Lucy Dacus has released a new track from her upcoming album Home Video, due out 25 June through Matador Records. Entitled VBS, the song is an ode to her teenage days at Bible Camp and the romance she found there.
In a statement about the track, Dacus explained: “VBS means vacation Bible school, and I went to tons of them. It’s where Christian parents send their kids over the winter, spring, or summer breaks from school to get closer to God, maybe learn some outdoor skills, and bring home useless crafts and totems like fruit of the spirit sand art and purity rings
“I wrote the song in the van on the way to Nashville to record Home Video after seeing one of those readerboards outside a church advertising a wholesome church camp for kids. I thought about my first boyfriend, who I met at VBS, the resident bad boy who loved Slayer and weed more than Jesus. I took it upon myself to save him, and make him stop doing drugs (with an exception for snorting nutmeg). God, I was so lame.”
Home Video follows Dacus’ 2018 record Historian, and was recorded at Trace Horse Studio in Nashville. Jacob Blizard, Collin Pastore and Jake Finch appear on the record and it was mixed by Shawn Everett.
VBS is the third release from Home Video, following Hot & Heavy and Thumbs’ arrival earlier this year. The song arrives with a colourful, 2D-animated video, which you can see below. It was directed by Marin Leong, who said of its conception: “A lot of the album examines navigation of self and how it evolves, and Lucy and I have often talked about bodies, the part they play in our ideation of self, and both connection and disconnection to them. We arrived at this world where her physical self is being distorted by the landscape that she’s present in, both in a beautiful and slightly uncanny way.

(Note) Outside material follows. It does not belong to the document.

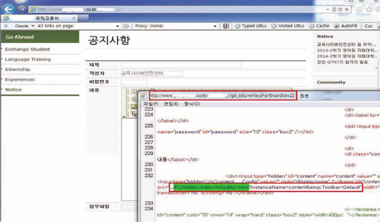 공개용 웹 게시판을 사용할 경우 인터넷에 공개된 각종 취약점 정보로 인해 홈페이지 변조 및 해킹 경유지로 사용될 수 있는 취약점

“One of the reasons I find animation and music compelling is the freedom in world building, the ability to translate story and tone, and synthesize it into a visual landscape using imagery that isn’t necessarily rooted in reality. And although I was treating this video like a diptych or braided essay with the song, rather than an overt visual depiction, I was able to make some subtle but direct references to the lyrics as well, so I’m excited for people to find those.”